The medical crisis comes as Cuba also grapples with a severe economic crisis and a social uprising last month that brought thousands of people into the streets, leading to a government crackdown landing hundreds of people in prison. On Monday, the president urged doctors to dispense oxygen carefully, because there was not enough to go around.
Eduardo López-Collazo, a Cuban infectious disease researcher living in Spain, said his sister Norma, 64, tested positive for COVID-19 last month even after two doses of Cubaʼs vaccine, and spent days in a waiting room hoping to be admitted. Even when her oxygen level dropped to a worrisome 92, doctors said she did not meet the “international criteria” for admission to an intensive care unit, he said.
She died on July 30. Despite two positive COVID-19 tests, the death certificate listed her cause of death as pulmonary thrombosis. López-Collazo believes the government is undercounting deaths to present a rosier picture than warranted. The countryʼs official death toll from the virus is 4,088.
Statistics from the Cuban Health Ministry showed that about eight people died daily of COVID in the city of Guantánamo in the first week of August. But an official there told a TV news station that in the same period Guantánamo saw 69 deaths in one day, when the average number of daily deaths before the recent wave was just eight.

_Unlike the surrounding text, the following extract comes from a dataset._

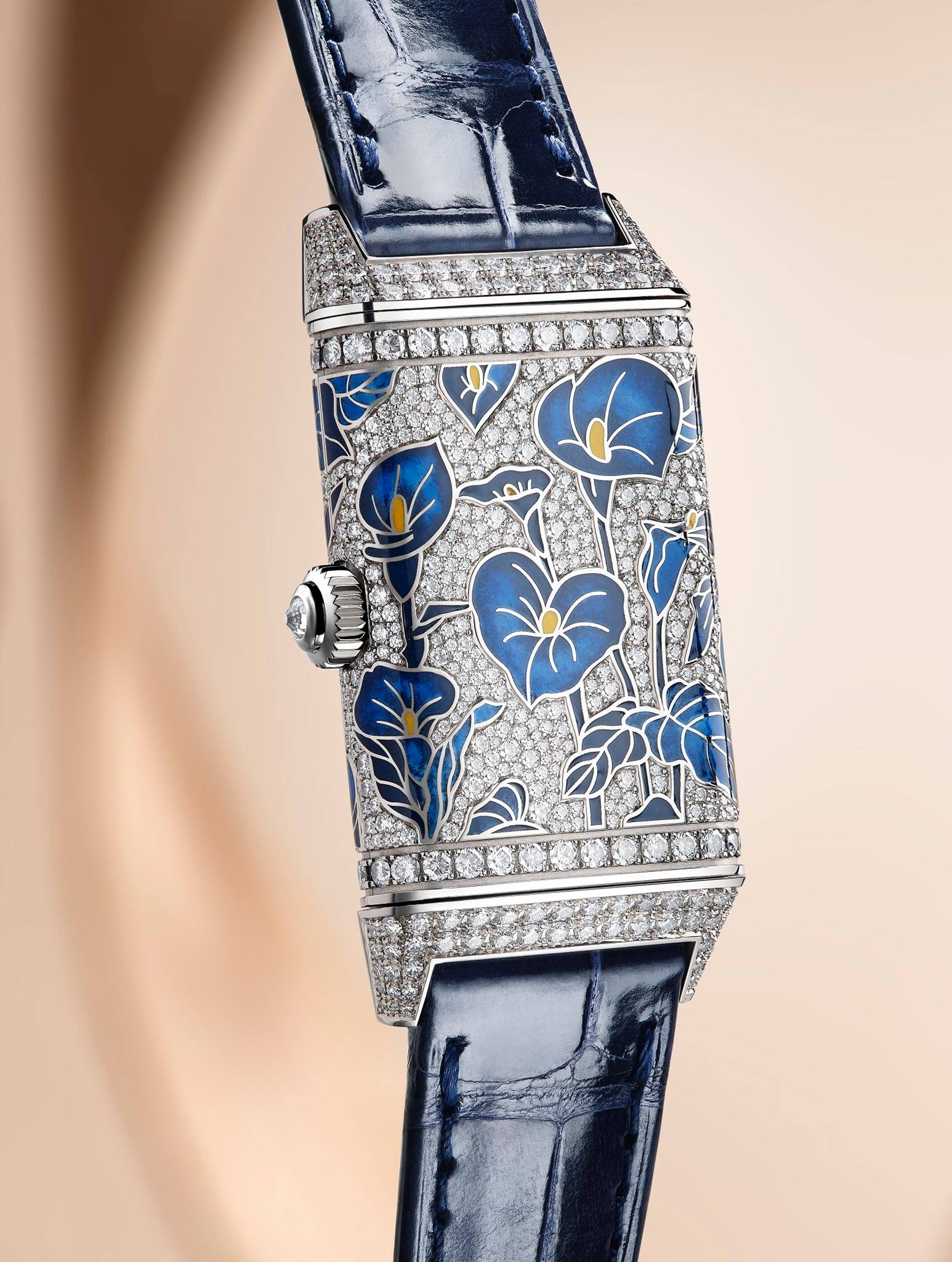 Dos modelos completamente engastados con diamantes también cuentan con calas: las calas púrpuras (de oro rosa) simbolizan el encanto y la pasión, y las calas azules (de oro blanco) la elegancia y el refinamiento. En estos dos relojes, las flores y las hojas están esmaltadas, y todo el fondo presenta diamantes con engaste “nieve”, una técnica exigente que requiere aproximadamente una hora para engastar solo cinco o seis piedras. En total, el engaste de estas piezas requiere 95 horas. El diseño floral envuelve a la perfección los laterales de la caja, desde el fondo hasta el bisel, con curvas y ángulos que añaden un alto grado de complejidad al trabajo de los artesanos.

The government has said in state-run media that the caseload and fatality rate are improving in Havana and a few other cities, and that the death toll should subside as more people get vaccinated. Cuba, however, has a shortage of the syringes needed to administer doses, according to Global Health Partners, a non-profit that has organised a campaign to send millions to the island.

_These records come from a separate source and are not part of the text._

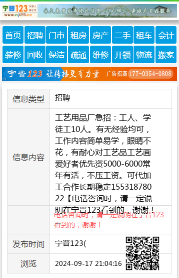 工艺用品厂急招:工人、学徒工10人。有无经验均可,工作内容简单易学,眼睛不花,有耐心对工艺品工艺画爱好者优先资5000-6000常年有活,不压工资。可代加工合作长期稳定15531878022 【电话咨询时,请一定说明在宁晋123看到的,谢谢!】 |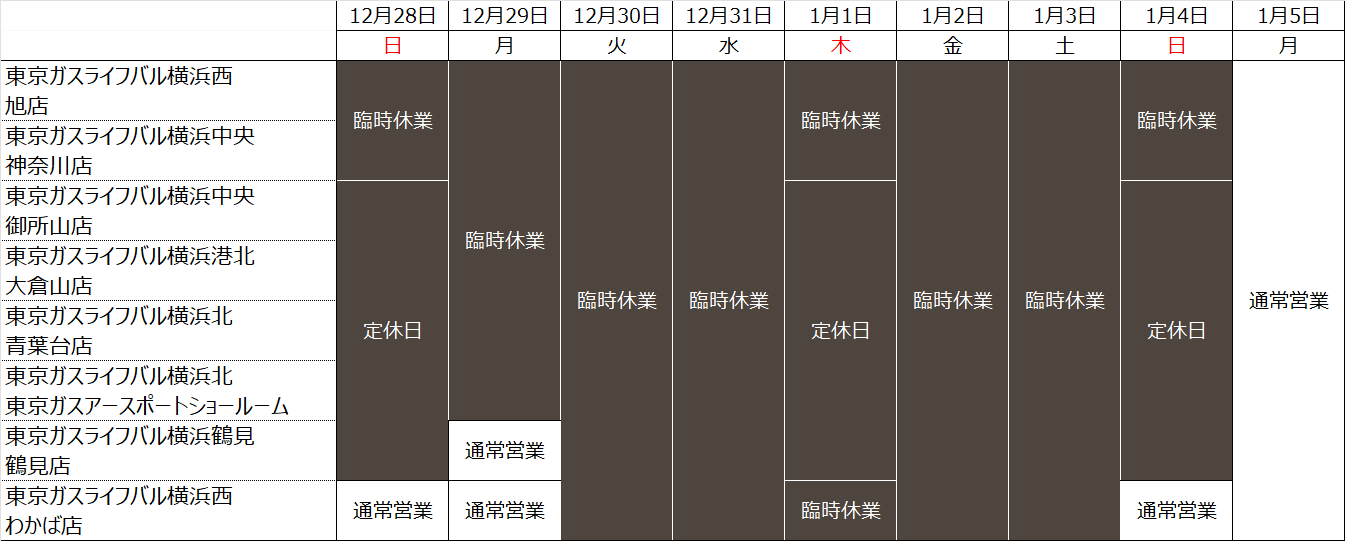 2025.12.04 その他 ショールーム 年末年始休業のお知らせ シェア 平素は格別のご愛顧を賜わり、厚くお礼申し上げます。 さて、このたび、弊社では誠に勝手ながら、下記のとおり休業とさせていただきます。 当該期間中は大変ご不便ご迷惑をおかけいたしますが、何卒ご了承くださいますようお願い申し上げます。 休業箇所・休業日 ●電話受付については通常どおり営業しております。 シェア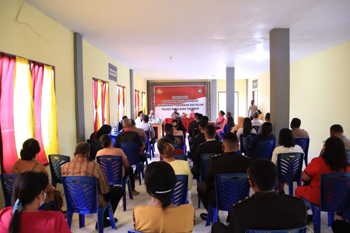 Tribratanews.polrestanimbar.com – Polda Maluku, Polres Kepulauan Tanimbar, pukul 14.30 wit, bertempat di gedung Pelayanan Publik lantai II digelar Sidang BP4R (Badan Pembantu Penasehat Perkawinan, Perceraian dan Rujuk) kepada ketujuh pasangan personil Polres Kepulauan Tanimbar. Rabu (08/12/2021).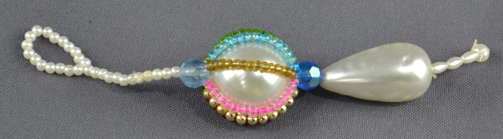 This Christmas decoration pearl and orb was made by Evelyn Mills during a craft session held by the Kelmscott Hobby Club at the St Mary's Church Hall in Kelmscott. The item was displayed by Evelyn Mills at her home at 123 Railway Avenue Kelmscott.

About a quarter of Cubaʼs 11.3 million residents have received one of three vaccines that were developed and produced in the country, reports The New York Times. Professor Arachu Castro from the Tulane School of Public Health and Tropical Medicine, said the country had one of the best coronavirus responses in Latin America in the pandemic’s early stages. But this changed after November, when tourists were allowed back into the country, and worsened again after Motherʼs Day and Fatherʼs Day, when many Cubans gathered with their families.
The number of new daily cases increased exponentially for nine straight weeks this summer, and more than 100,000 people are currently in COVID-19 isolation centres for monitoring, about half of whom have tested positive, says a 9 August report by the Pan American Health Organization.
Ciro Ugarte, the agencyʼs director of health emergencies, said COVID deaths in Cuba had risen 20% last week compared with the previous week. The lack of essential supplies to treat COVID-19 and other illnesses deepened the problems, he said, adding that the organisation sent testing kits and other materials to Cuba.
Dr Alexander J. Figueredo Izaguirre said he was fired earlier this year when he criticised the poor state of Cuban hospitals after his grandfather’s death. “The health care system has collapsed,” he said. “The funeral homes canʼt cope, the hospitals canʼt cope, the clinics canʼt cope. We have been struggling for a year and a half in this battle against this disease — without weapons — when hundreds and thousands of people are dying.”